Posted by Tom West on Sep 17th, 2019 | Running a business

Despite parliament recently voting to rule out a no-deal Brexit – the possibility of the UK crashing out of the European Union without a deal still remains a possibility. Some guidance has been published by the government and we can expect more in the future.

In the event of a no-deal Brexit, we don’t expect there to be many rule changes affecting Crunch clients – unless you trade with customers in the EU.

This article summarises the main changes arising in the guidance published by HMRC as at August 2019. Naturally, many of the changes are vastly technical in nature and will be supported by more detailed guidance from HMRC if necessary.

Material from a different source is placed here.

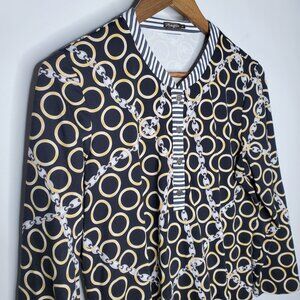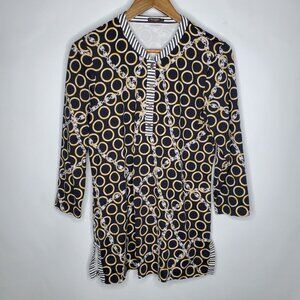 J McLaughlin Womens Catalina Cloth Geometric Chain Tunic Top Size M 3/4 Sleeve

Value Added Tax (VAT) and Brexit

The UK’s current VAT rules can be summarised as follows:

  • VAT is charged on most goods and services sold within the UK and the EU
  • VAT is payable by businesses when they bring goods into the UK – there are different rules depending on whether the goods come from an EU or non-EU country
  • Goods that are exported by UK businesses to non-EU countries and EU businesses are zero-rated, meaning that UK VAT is not charged at the point of sale
  • Goods that are exported by UK businesses to EU consumers have either UK or EU VAT charged, subject to distance selling thresholds
  • For services, the ‘place of supply’ rules determine the country in which you need to charge and account for VAT.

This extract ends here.